• DATASET EXCERPT:
========================================================================

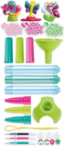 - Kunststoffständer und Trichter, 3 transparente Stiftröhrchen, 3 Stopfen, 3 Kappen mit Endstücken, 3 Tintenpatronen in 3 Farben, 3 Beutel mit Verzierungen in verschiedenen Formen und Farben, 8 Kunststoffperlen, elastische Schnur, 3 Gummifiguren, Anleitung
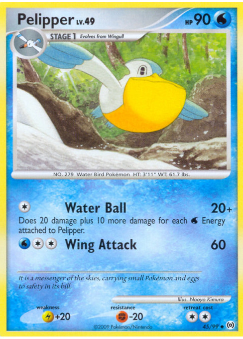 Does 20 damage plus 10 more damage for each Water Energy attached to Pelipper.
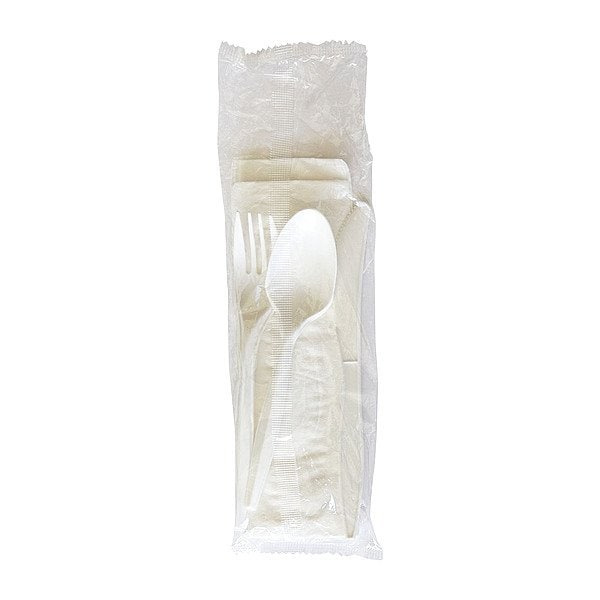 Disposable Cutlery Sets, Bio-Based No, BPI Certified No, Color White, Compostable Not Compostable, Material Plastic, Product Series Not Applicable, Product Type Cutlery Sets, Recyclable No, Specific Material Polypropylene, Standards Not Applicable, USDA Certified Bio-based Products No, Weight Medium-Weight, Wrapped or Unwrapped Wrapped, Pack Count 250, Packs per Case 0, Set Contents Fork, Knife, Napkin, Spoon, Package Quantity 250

========================================================================

• EXERCISE DETAILS:
Copy out exactly, with no pictures, the lines of the data from the first one through the line bearing "Does 20 damage".

• RESPONSE BELOW:
 - Kunststoffständer und Trichter, 3 transparente Stiftröhrchen, 3 Stopfen, 3 Kappen mit Endstücken, 3 Tintenpatronen in 3 Farben, 3 Beutel mit Verzierungen in verschiedenen Formen und Farben, 8 Kunststoffperlen, elastische Schnur, 3 Gummifiguren, Anleitung
 Does 20 damage plus 10 more damage for each Water Energy attached to Pelipper.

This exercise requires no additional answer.